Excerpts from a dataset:
# # # # #

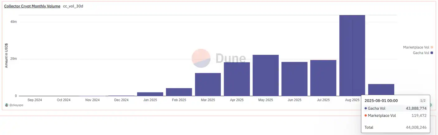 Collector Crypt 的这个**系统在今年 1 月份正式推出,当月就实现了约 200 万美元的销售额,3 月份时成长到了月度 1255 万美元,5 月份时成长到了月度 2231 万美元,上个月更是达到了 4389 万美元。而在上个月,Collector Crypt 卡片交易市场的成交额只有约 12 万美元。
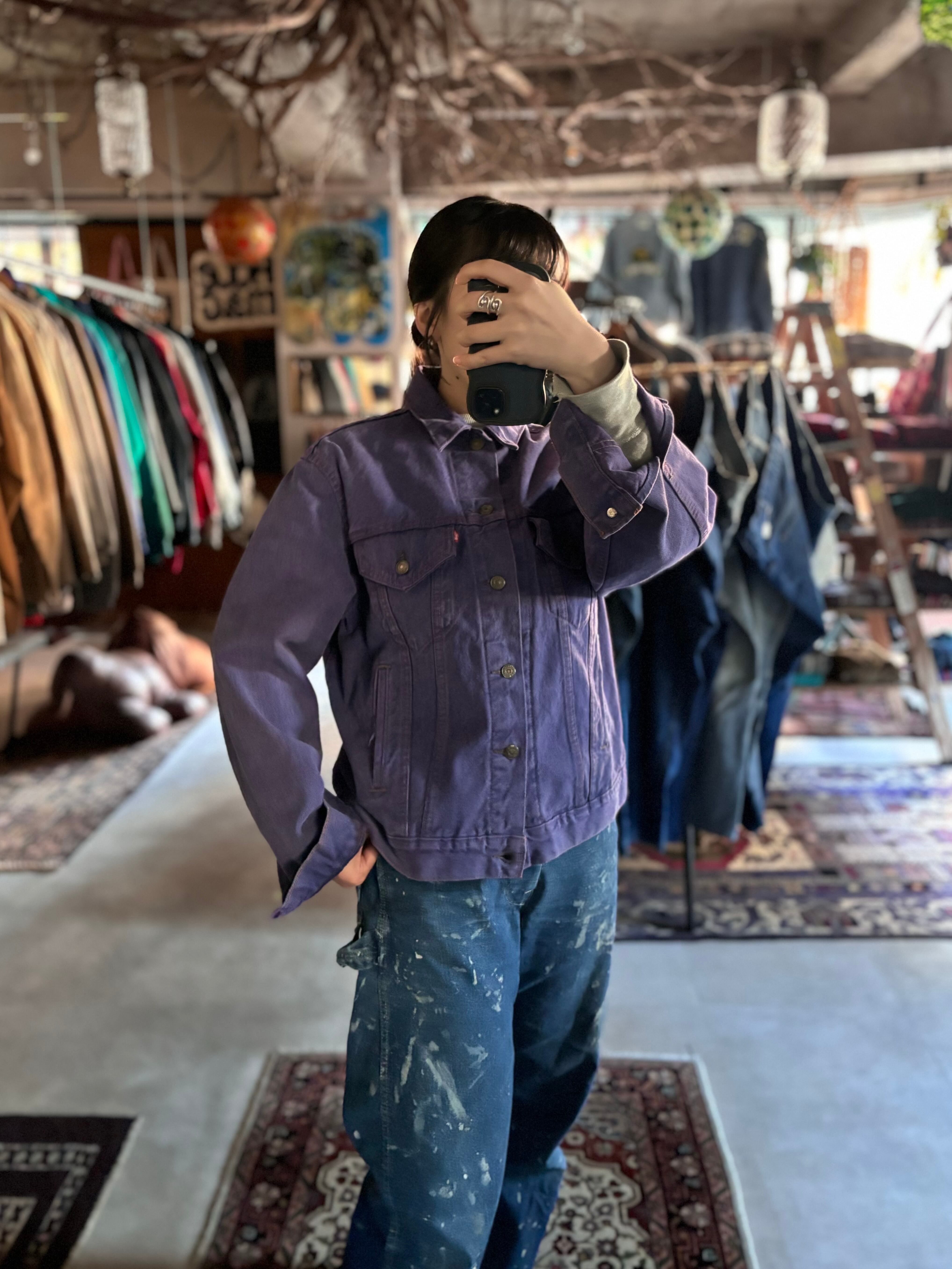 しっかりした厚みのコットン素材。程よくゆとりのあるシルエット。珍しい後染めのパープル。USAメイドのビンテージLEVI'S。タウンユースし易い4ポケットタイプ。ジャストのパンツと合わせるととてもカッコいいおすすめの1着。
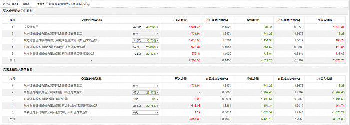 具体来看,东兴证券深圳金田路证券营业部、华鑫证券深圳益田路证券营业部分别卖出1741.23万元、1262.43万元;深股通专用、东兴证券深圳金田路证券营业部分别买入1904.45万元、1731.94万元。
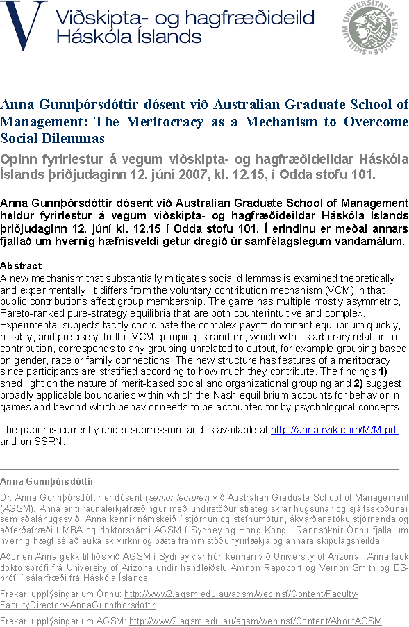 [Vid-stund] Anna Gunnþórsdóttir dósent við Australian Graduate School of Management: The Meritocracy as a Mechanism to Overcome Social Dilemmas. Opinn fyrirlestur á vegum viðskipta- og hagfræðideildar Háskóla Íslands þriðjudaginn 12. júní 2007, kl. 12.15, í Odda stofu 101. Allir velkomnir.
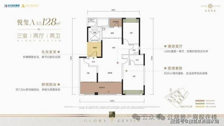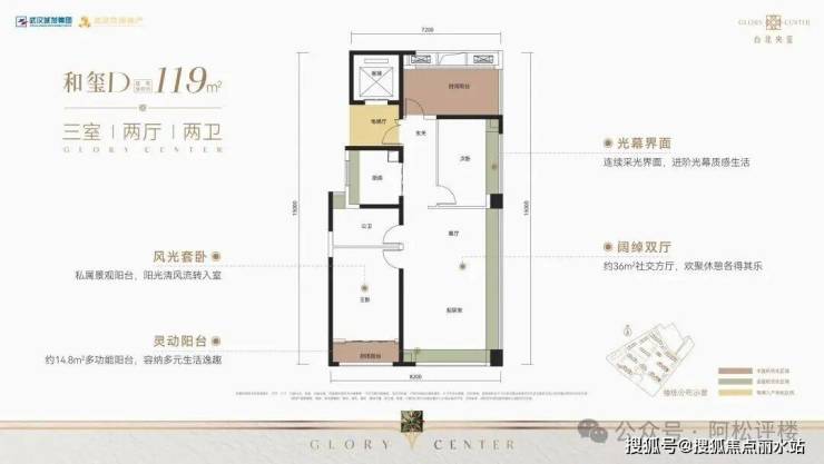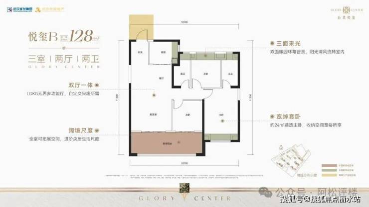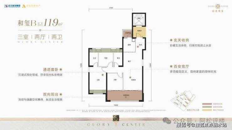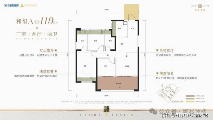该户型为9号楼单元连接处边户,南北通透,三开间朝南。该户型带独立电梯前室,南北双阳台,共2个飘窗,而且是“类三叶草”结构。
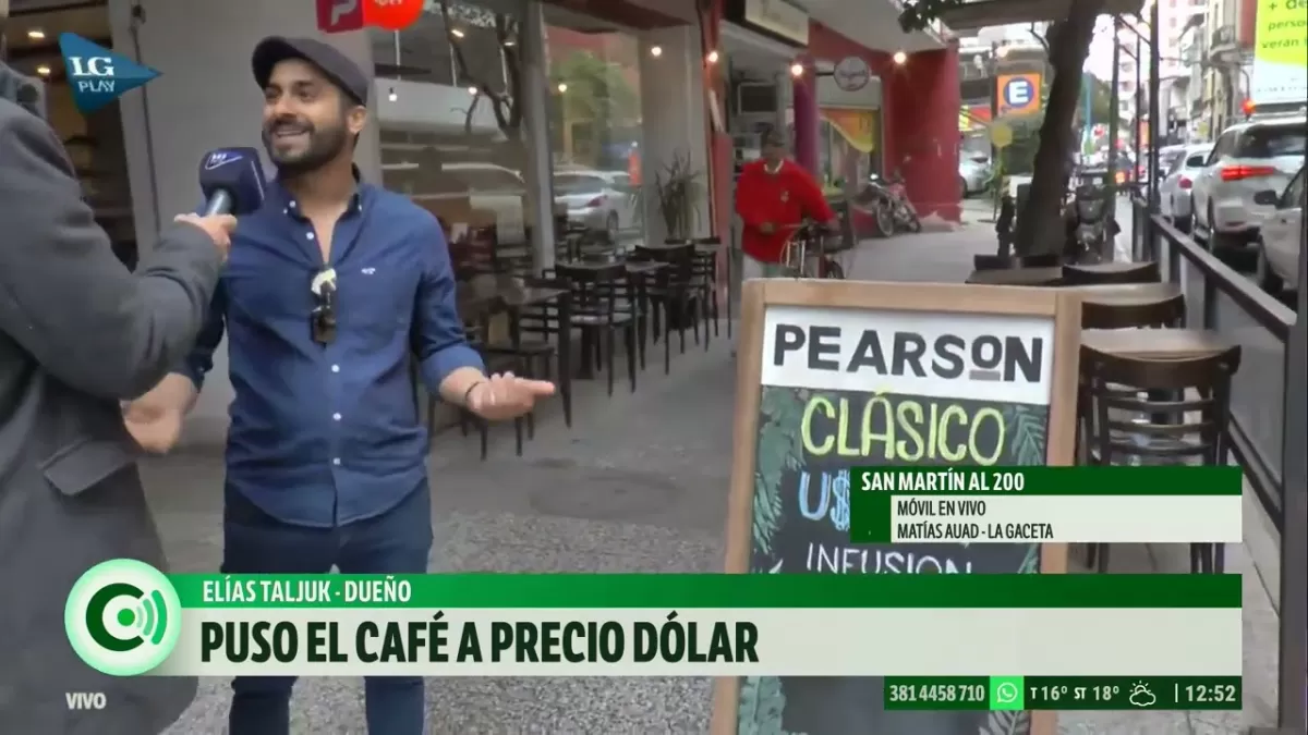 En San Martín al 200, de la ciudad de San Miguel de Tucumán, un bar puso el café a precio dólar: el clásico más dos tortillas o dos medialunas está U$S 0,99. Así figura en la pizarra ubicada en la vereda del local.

# # # # #

__WORK REQUIRED__. Transcribe every record above exactly as written, leaving out any pictures.

__RESPONSE__.
 Collector Crypt 的这个**系统在今年 1 月份正式推出,当月就实现了约 200 万美元的销售额,3 月份时成长到了月度 1255 万美元,5 月份时成长到了月度 2231 万美元,上个月更是达到了 4389 万美元。而在上个月,Collector Crypt 卡片交易市场的成交额只有约 12 万美元。
 しっかりした厚みのコットン素材。程よくゆとりのあるシルエット。珍しい後染めのパープル。USAメイドのビンテージLEVI'S。タウンユースし易い4ポケットタイプ。ジャストのパンツと合わせるととてもカッコいいおすすめの1着。
 具体来看,东兴证券深圳金田路证券营业部、华鑫证券深圳益田路证券营业部分别卖出1741.23万元、1262.43万元;深股通专用、东兴证券深圳金田路证券营业部分别买入1904.45万元、1731.94万元。
 [Vid-stund] Anna Gunnþórsdóttir dósent við Australian Graduate School of Management: The Meritocracy as a Mechanism to Overcome Social Dilemmas. Opinn fyrirlestur á vegum viðskipta- og hagfræðideildar Háskóla Íslands þriðjudaginn 12. júní 2007, kl. 12.15, í Odda stofu 101. Allir velkomnir.
该户型为9号楼单元连接处边户,南北通透,三开间朝南。该户型带独立电梯前室,南北双阳台,共2个飘窗,而且是“类三叶草”结构。
 En San Martín al 200, de la ciudad de San Miguel de Tucumán, un bar puso el café a precio dólar: el clásico más dos tortillas o dos medialunas está U$S 0,99. Así figura en la pizarra ubicada en la vereda del local.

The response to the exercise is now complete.